Inflation Fears Send Stocks Lower As Investors Brace For Fed Rate Hike Next Week

Zinger Key Points
  • In the week ahead, investors will see more quarterly reports from Oracle, Commercial Metals, Adobe and Kroger.
  • S&P 500 companies have reported 9.2% earnings growth in the first quarter, the lowest earnings growth rate since the fourth quarter of 2020

The 2022 stock market weakness continued this week, with major indexes trading lower on another round of discouraging inflation data.

What Happened: On Friday morning, the SPDR S&P 500 ETF Trust SPY dropped 2.6% after the Labor Department reported the consumer price index rose 8.6% in May, the highest U.S. inflation reading since 1981. Economists were expecting just 8.3% CPI growth in May, and the surprise uptick undermined investor hopes that CPI inflation had peaked at 8.5% in March.

On Wednesday, Securities and Exchange Commission Chairman Gary Gensler outlined some potential changes the SEC is considering to help protect retail stock traders and ensure they get the best possible prices on their order execution. Gensler discussed proposals for "open and transparent auctions" to fill retail orders, a potential replacement for the controversial practice of payment for order flow, or PFOF.

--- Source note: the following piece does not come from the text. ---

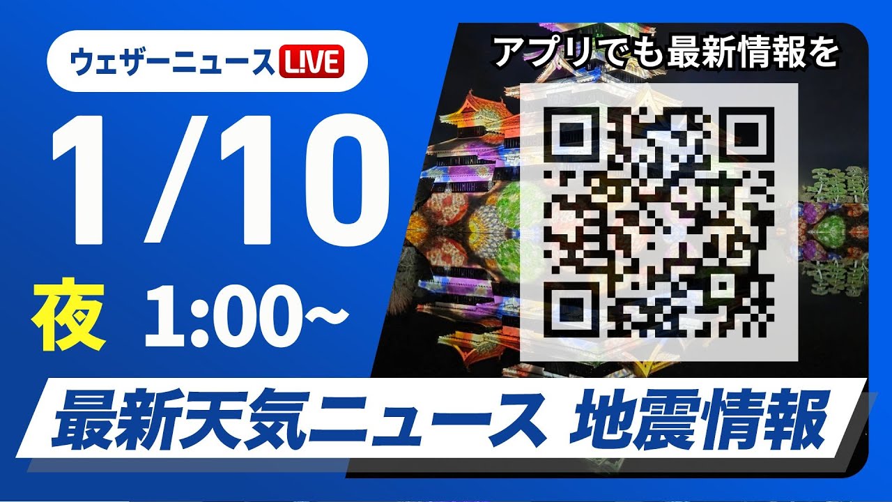 【ライブ】最新天気ニュース・地震情報 2026年1月10日(土) 1:00〜/三連休は今冬最強の寒気が南下〈ウェザーニュースLiVE〉

On Tuesday, Democratic Senator Kirsten Gillibrand and Republican Senator Cynthia Lummis unveiled a new bipartisan bill to regulate the cryptocurrency market that would treat most digital assets as commodities, a classification that would exempt the crypto market from SEC oversight and give crypto investors favorable tax treatment.

In his Wednesday speech, Gensler said most cryptocurrencies are like securities, while Bitcoin BTC/USD and a handful of others function more like commodities.

Less than a month after discount retailer Target Corporation TGT disappointed the market with a big first-quarter earnings miss, the company warned investors on Tuesday that its operating margins will be lower than anticipated in the second quarter as Target cancels orders and cuts prices on excess inventory. Target shares dropped another 6% this week and are now down 34.8% year-to-date.

Fine China: Shares of Chinese online brokerage Futu Holdings Ltd FUTU gained more than 21% this week as investors cheered both the company's first-quarter earnings beat and media reports that the Chinese government may be easing its regulatory crackdown on tech stocks.

In the week ahead, investors will get more quarterly earnings reports from Oracle Corporation ORCL on Monday and Commercial Metals Company CMC, Adobe Inc ADBE and Kroger Co KR on Thursday.

S&P 500 companies have reported 9.2% earnings growth in the first quarter, the lowest earnings growth rate since the fourth quarter of 2020, according to FactSet.

Economic Numbers: Following the discouraging CPI reading, Wall Street will get key economic updates on Wednesday when the Census Bureau releases its May U.S. Retail Sales report and the Federal Reserve releases its latest interest rate decision, economic projections and accompanying commentary.